(Beginning of Records for the task)

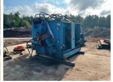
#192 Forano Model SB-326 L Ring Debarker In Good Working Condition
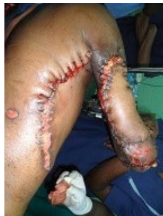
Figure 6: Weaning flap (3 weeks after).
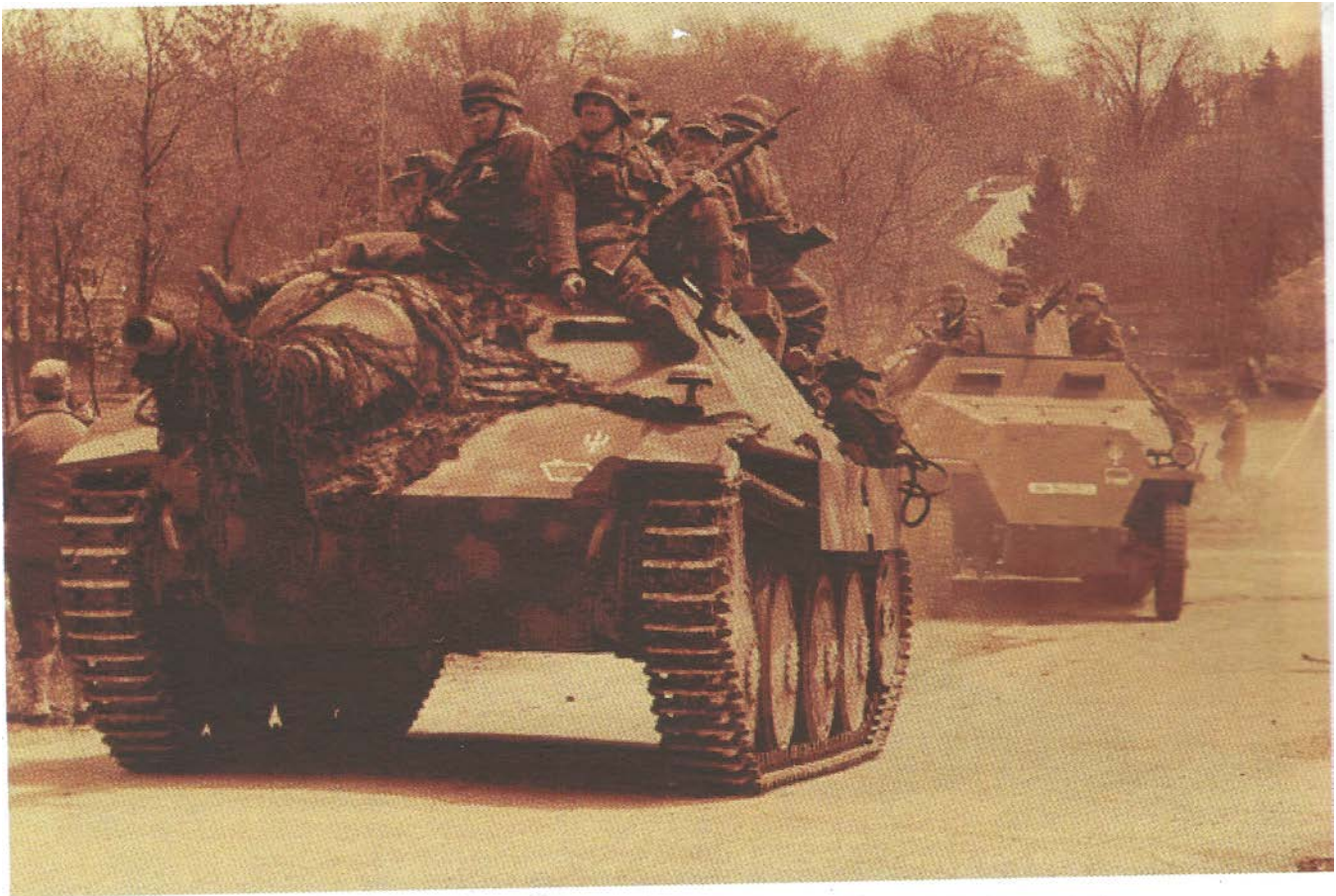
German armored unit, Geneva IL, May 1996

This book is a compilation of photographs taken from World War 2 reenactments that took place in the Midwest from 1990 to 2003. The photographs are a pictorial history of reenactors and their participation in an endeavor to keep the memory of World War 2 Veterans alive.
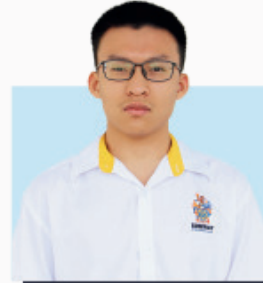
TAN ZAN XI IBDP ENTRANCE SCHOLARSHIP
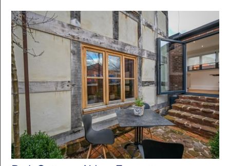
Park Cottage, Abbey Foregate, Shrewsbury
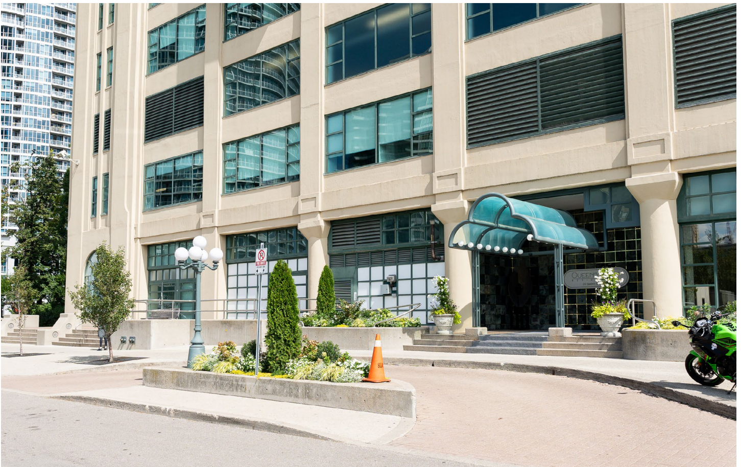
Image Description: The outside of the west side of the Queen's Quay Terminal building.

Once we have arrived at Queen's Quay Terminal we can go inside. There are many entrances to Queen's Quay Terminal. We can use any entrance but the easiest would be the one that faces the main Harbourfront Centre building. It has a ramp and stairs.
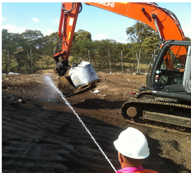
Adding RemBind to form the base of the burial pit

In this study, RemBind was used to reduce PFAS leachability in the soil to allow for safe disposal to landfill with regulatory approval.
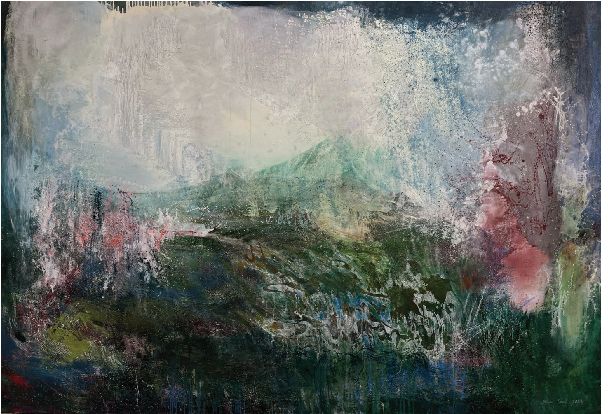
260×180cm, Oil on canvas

(End of Records for the task)

## What is being asked
Tell how many lines in the data above hold "RemBind". Nothing but the number.

## Response
2